Two days before Christmas I took my Dupixent (dupilumab) loading dose in an empty dermatology clinic room. I’ve resisted started a second biologic (I’m still taking Skryizi for psoriasis) for almost five years. The unknown of what two biologics would do to my body kept me from taking this plunge–until now.

The last month I’ve had a miserable eczema flare. While I wanted to enjoy the holidays, I struggled mightily with rashes all over my body. The eczema on my back is the worst it’s been in a long long time. I’ve tried every treatment from a variety of topicals, moisturizers, wet wraps, antihistamines. I’ve modified my diet, increased exercise, and taken it easy at work. Not much has helped.

Hitting a Wall of Rashes

Dr. C believes that this eczema flare built up throughout the fall season. I traveled to the Bay Area a couple of times for meetings. Trips to Oregon and Dallas for conferences increased my exposure to allergens. The trip to Oregon, in particular felt triggering for my eczema and asthma.

The trip to Santa Cruz, about a 3 hour drive from my home, turned out great for work, but poor for health. I reacted (as usual) to the old hotel room that carried the smells of perfume drenched toiletries provided in the bathroom. Oregon is a beautiful place to visit if you love the outdoors and mountain views. What I didn’t enjoy on my trip to central Oregon was the dust, smoke, dry air (low humidity, and slightly scented sheets in my AirBnB bedroom. Here is a photo from downtown Bend, OR.

My skin also didn’t take well to my trip to Dallas where the hotel room had a musty smell to it and the Texas BBQ brought on a night of restlessness. Busy conference schedules, especially those early morning meetings after only sleeping for a few hours due to itchy wakefulness, stress my body and my skin.

By Thanksgiving I felt grateful for a busy travel season to end, but my immune system, decided to push back hard. The bumpy, itchy rash on my forearm, chest, and upper back serve as the proverbial canary in the coal mine warning me of much worse to come. Soon my forehead, scalp, trunk, and later, legs, joined the inflammation party.

Decided How to Treat the Flare

My standard go to treatment when eczema flares is wet wrap therapy. Here is how I describe it in my linked blog post:

The treatment is primarily for eczema, but it helps my psoriasis too. WWT involves bathing, slathering (my doctor’s word not mine) a medium strength topical corticosteroid ointment on my skin, then covering it with wet clothes. Over the wet clothes I put a layer of dry clothes which helps keep the wet clothes damp. After about an hour I re-wet the wet layer of clothes. Some leave the wet clothes on overnight, or for some hours. I usually leave it for about two to three hours in the evening. The treatment moisturizes the skin, allows the medicine to penetrate the skin, and cools inflammation.

I tried wet wrapping a number of times, but the eczema only became more inflamed and angry. I felt at a loss what to do next. Waiting the flare out sometimes works, but can take weeks. So, I contacted Dr. C for a consult. Thankfully, she had an appointment for me in a couple of days.

Dr.

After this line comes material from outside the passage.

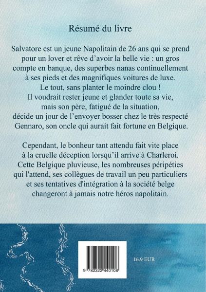 Résumé du livreSalvatore est un jeune Napolitain de 26 ans qui se prend pour un lover et reve d'avoir la belle vie. Un gros compte en banque, des superbes nanas continuellement à ses pieds et des magnifiques voitures de luxe. Le tout, sans planter le moindre clou. Il voudrait rester jeune et glander toute sa vie, mais son père, fatigué de la situation, décide un jour de l'envoyer bosser chez le très respecté Gennaro, son oncle qui aurait fait fortune en Belgique.Salvatore part donc pour le Nord, le coeur rempli d'espoir, avec l'intime conviction d'y faire rapidement fortune et de pouvoir retourner ensuite à Naples pour dépenser comme un nabab. Cependant, le bonheur tant attendu fait vite place à la cruelle déception. Salvatore découvrira rapidement que le restaurant de l'oncle Gennaro n'est qu'une gargotte située à Charleroi, ville qui est loin d'etre renommée pour ses plages, son soleil et ses nanas en bikini, mais plutot pour ses quartiers sordides, ses zones industrielles abandonnées et sa criminalité galopante. Cette Belgique pluvieuse, les nombreuses péripéties qui l'attendent, ses collègues de travail un peu particuliers et ses tentatives d'intégration à la société belge changeront à jamais notre héros napolitain. En s'éloignant de plus en plus de son ancienne personnalité, Salvatore découvrira en Belgique comment vivre avec simplicité. Du moins jusqu'au jour ou un certain oncle d'Amérique, un homme aux affaires douteuses, retournera à Naples en grande pompe pour vendre du reve de gloire et de richesse aux jeunes des quartiers défavorisés.Technique narrative et conception du romanSalvatore incarne le stéréotype de l'Italien materné, rusé, passionné et fainéant. L'entièreté de la structure narrative est basée sur l'utilisation ironique et hyberbolique des stéréotypes. Italiens, Belges, Francais et Allemands représentent des genres humains utilisés dans le roman pour raconter les expériences et l'évolution du personnage principal. Le brassage ethnique européen, par ses fascinantes ressemblances et différences, représente le fond du récit à la fois moderne, spontané et hilare, écrit intentionnellement dans un langage familier et hybride (les incursions linguistiques entre l'itlalien et le francais ne sont pas rares). La structure du roman se divise en épisodes, véritables flashs narratifs qui composent le puzzle de l'intrigue.
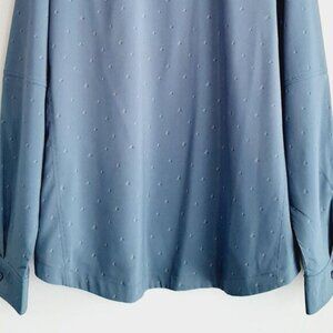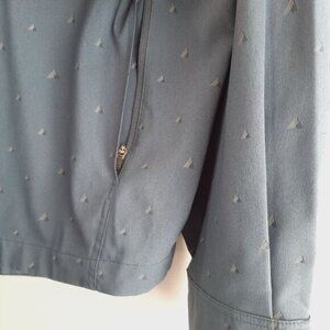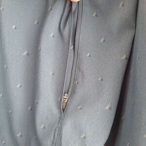 • Long sleeve button down top in blue with subtle geometric pattern with chest utility pockets and lower concealed zip pockets.

C confirmed the flare is primarily eczema. Skyrizi is managing psoriasis quite well after five years amazingly. She offered systemic steroids pills as a way to suppress the inflammation, but I balked at the idea. For decades doctors told me that systemic steroids could severely flare psoriasis.

She then thought we should put Dupixent back on the table as an option. I’ve felt concerned about taking two biologics concurrently. Would insurance over the cost? Would it flare psoriasis? My allergist pointed me to studies that showed Dupixent triggering new cases of psoriasis or exacerbating existing ones. That didn’t sound great.

I left that urgent appointment with just topical medications tacrolimus and Opzelura (ruxolotinib) to try instead of the medium strength topical steroid (TCS) treatment.

Will Dupixent Work?

With just over a week since the Dupixent loading dose I’m hoping it will kick in soon. The itchiness at night is still really intense as I’ve only slept through the night a handful of times in the past month, and that’s with antihistamines.

I’m wary of whether or not it will trigger my psoriasis or existing eye issues (more on these in a coming post). Other potential side effects aren’t too far behind in my worries. For now we’ll wait and see.